Work instructions: Using the records below, give again exactly the lines from the line that contains "Vaso de Cerâmica" through the line that contains "晚上大約十點(diǎn),我", both ends included, and only those.

Data:
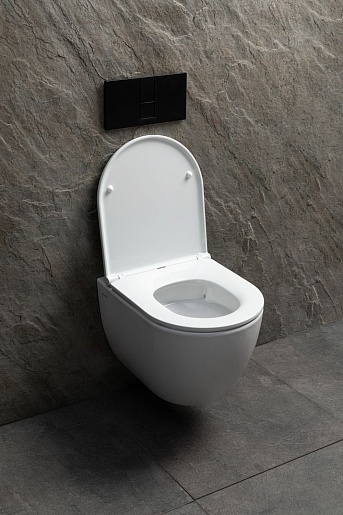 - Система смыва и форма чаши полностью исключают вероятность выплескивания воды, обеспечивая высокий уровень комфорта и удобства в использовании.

...

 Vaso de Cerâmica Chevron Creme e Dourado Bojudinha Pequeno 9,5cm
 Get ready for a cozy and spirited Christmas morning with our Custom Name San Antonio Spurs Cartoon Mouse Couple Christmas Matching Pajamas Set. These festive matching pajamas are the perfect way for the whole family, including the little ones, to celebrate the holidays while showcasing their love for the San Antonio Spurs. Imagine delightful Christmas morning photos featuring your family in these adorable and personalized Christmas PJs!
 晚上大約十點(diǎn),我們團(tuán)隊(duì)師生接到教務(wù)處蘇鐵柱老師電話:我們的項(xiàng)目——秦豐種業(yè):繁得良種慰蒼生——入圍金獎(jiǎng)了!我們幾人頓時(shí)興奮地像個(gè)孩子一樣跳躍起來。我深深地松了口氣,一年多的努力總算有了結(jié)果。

Output for this exercise:
 Vaso de Cerâmica Chevron Creme e Dourado Bojudinha Pequeno 9,5cm
 Get ready for a cozy and spirited Christmas morning with our Custom Name San Antonio Spurs Cartoon Mouse Couple Christmas Matching Pajamas Set. These festive matching pajamas are the perfect way for the whole family, including the little ones, to celebrate the holidays while showcasing their love for the San Antonio Spurs. Imagine delightful Christmas morning photos featuring your family in these adorable and personalized Christmas PJs!
 晚上大約十點(diǎn),我們團(tuán)隊(duì)師生接到教務(wù)處蘇鐵柱老師電話:我們的項(xiàng)目——秦豐種業(yè):繁得良種慰蒼生——入圍金獎(jiǎng)了!我們幾人頓時(shí)興奮地像個(gè)孩子一樣跳躍起來。我深深地松了口氣,一年多的努力總算有了結(jié)果。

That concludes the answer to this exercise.